All of this price-fixing produces a raft of unintended consequences, not least among them the gunking up of market efficiency. Too many politicians fail to understand that prices are not just charges, they are also signals.
Among other things, they signal the need for conservation. When the price of batteries spikes after a hurricane knocks out the power, that tells consumers at least two things: (a) They should not waste batteries on frivolous purposes and (b) they should not buy more than they truly need, so that shortages will be mitigated. It also tells suppliers that they should ship more batteries to the affected area, even if it means extra work, because they will make a lot more money if they do. That's what makes anti-price-gouging laws so foolish: They short-circuit those important market signals.

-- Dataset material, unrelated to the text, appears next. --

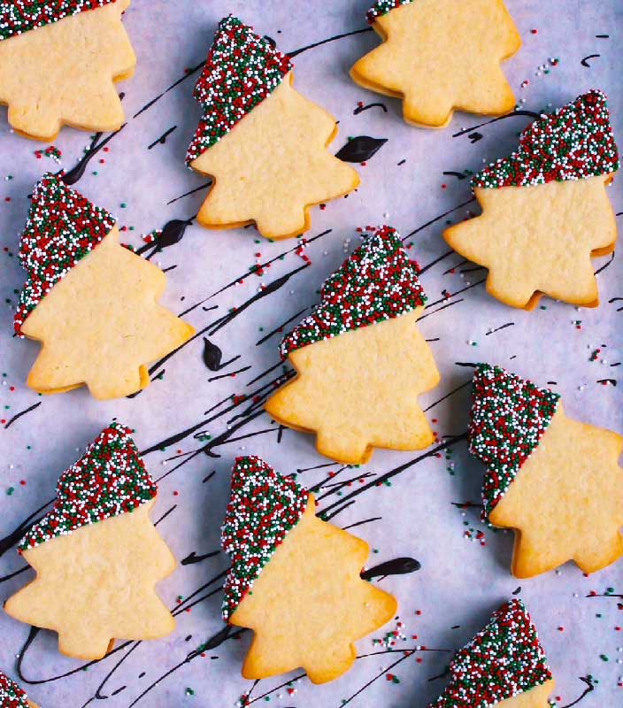 En este punto puedes dejar las galletas como están, o puedes mojarlas en chocolate y espolvorearlas.

Hurricanes don't happen every day, but prices still steer goods to their highest and best use. A tungsten producer is never going to understand the complex totality of the industrial and commercial market in the United States, but prices mean he doesn't need to. All he needs to know is that he can get a better price for tungsten from a mobile-phone maker than from a ballpoint pen company, and he will send his supplies to where they will do the most social good.
Trying to decree the market price for a product or service simply doesn't work. De Blasio should know that already, but if he doesn't he will learn. Already, roughly three-fifths of all the cigarettes sold in New York are contraband smokes, and they go for $7 to $8 a pack—no matter what the law says. Like Shakespeare's Glendower, de Blasio and other politicians might command the devil. But that doesn't mean he will obey.